Doch er übernachtet auch mal bei mir und dann frühstücken wir gemeinsam mit den Kids oder er ist mal nachmittags so zwei Std da. Ansonsten sehen wir uns nur abends, wenn die Kinder schlafen oder wenn sie beim Vater sind.

Die Gesichte mit der fehlenden Zukunftsvision plagt mich auch weniger als die Bindungsangst und das Junggesellendasein.
Das macht sich auch in so Kleinigkeiten bemerkbar, dass er in vielem nur an sich denkt ohne das bös zu meinen.
Es fehlt das z.B. Fürsorgliche.

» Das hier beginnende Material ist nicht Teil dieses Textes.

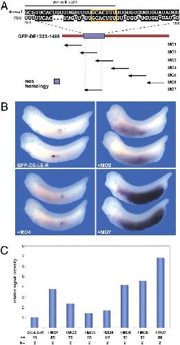 Fig. 3. Antisense morpholino oligonucleotide-mediated protection of the nanos1 homology element strongly inhibits somatic clearance of XDE-LE. (A) Partial alignment of XDE-LE-R with the zebrafish nanos1 3â²UTR reveals a homologous sequence element (XDE nucleotide positions indicated) covering the dre-miR-430b target site (orange box). Identical nucleotides of XDE-LE-R are highlighted in black. The XDE-LE-R is represented by a red rectangle; the position of the nos1 homology domain is marked by a blue box. (B and C) Vegetal coinjection of antisense MOs (1.5 pmol each) with GFP-XDE-LE-R reporter mRNA (1.1 ng) led to inhibition of somatic reporter RNA clearance to variable extent; the strongest effect was achieved by MO7 targeting the nos1 homology region (Table S1). (B) Lateral view of representative embryos stained with a GFP antisense probe. (C) Diagram representing average pixel quantification results of in situ hybridization signals from embryos analyzed on both sides. The statistical significance of the obtained series of values was verified by one-tailed Student's t-test (type 3, P < 0.01; P values: LE-R/MO1: 2.695E-50, LE-R/MO2: 1.299E-14, LE-R/MO3: 0.004, LE-R/MO4: 7.53E-06, LE-R/MO5: 1.133E-47, LE-R/MO6: 3.216E-45, LE-R/MO7: 3.949E-57). Values were adjusted to the score of GFP-XDE-LE alone, which was set to 1. |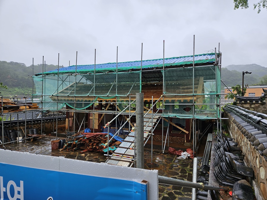통영 충렬사 서재 및 마당 보수공사도 한 편에 진행중이었는데요. 마무리가 되려면 시간이 조금 걸려 보였습니다. 소중한 문화재이니 공사가 잘 마무리되었음 했습니다.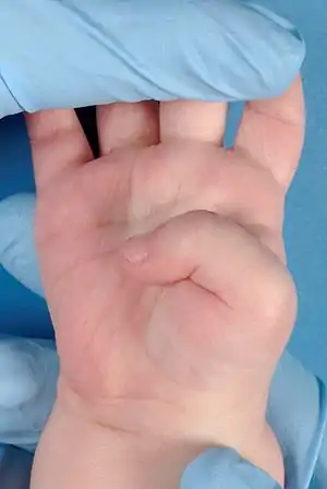 Congenital clasped thumb describes an anomaly which is characterized by a fixed thumb into the palm at the metacarpophalangeal joint in one or both hands.[5] The incidence and genetic background are unknown. A study of Weckesser et al. showed that boys are twice as often affected with congenital clasped thumb compared to girls. The anomaly is in most cases bilateral (present in both hands).[5] A congenital clasped thumb can be an isolated anomaly, but can also be attributed to several syndromes.

Wie z.B. hat er nichts zu essen da bei sich außer etwas Toast, wenn ich ihn mal besuche und über Nacht bleiben will.
Das ist für mich natürlich total befremdlich, weil ich es als Mutter seit Jahren gewohnt bin, mich um andere zu kümmern und den Blick auch auf andere zu haben. Abgesehen davon, dass ich in meiner Beziehung (lebte ja auch mit meinem Ex zusammen) vorher es auch kannte, dass man für einander mitdenkt.
Das ist für ihn alles absolut neu. Es kommt mir vor als wär ich seine Reifeprüfung oder so. Klingt blöd, oder?

Doch das schlimmste sind eben diese Seitenhiebe mit den Doppelbotschaften. Weil ich dadurch nie sicher sein kann, dass er mich wirklich liebt und will. Und weil ich da merke, dass er emoional oberflächlich bleibt.
Wie viel Geduld braucht man da bei einem Menschen mit Bindungsangst, der sein Problem kennt und therapeutisch auch schon angeht?

Kann eine Beziehung langfristig gut gehen, die ohne suchtmachende rosarote Brille begann und der somit diese gewisse Leichtigkeit fehlt, weil wir gleich von Anfang an mit realistischem Blick auf den anderen an diese Sache gegangen sind, was eben von Beginn an diese ganzen Reibungspunkte mit sich bringt?


  Re: Neuer Mann mit Bindungsangst und ohne Zukunftsvision - kann das gut gehen?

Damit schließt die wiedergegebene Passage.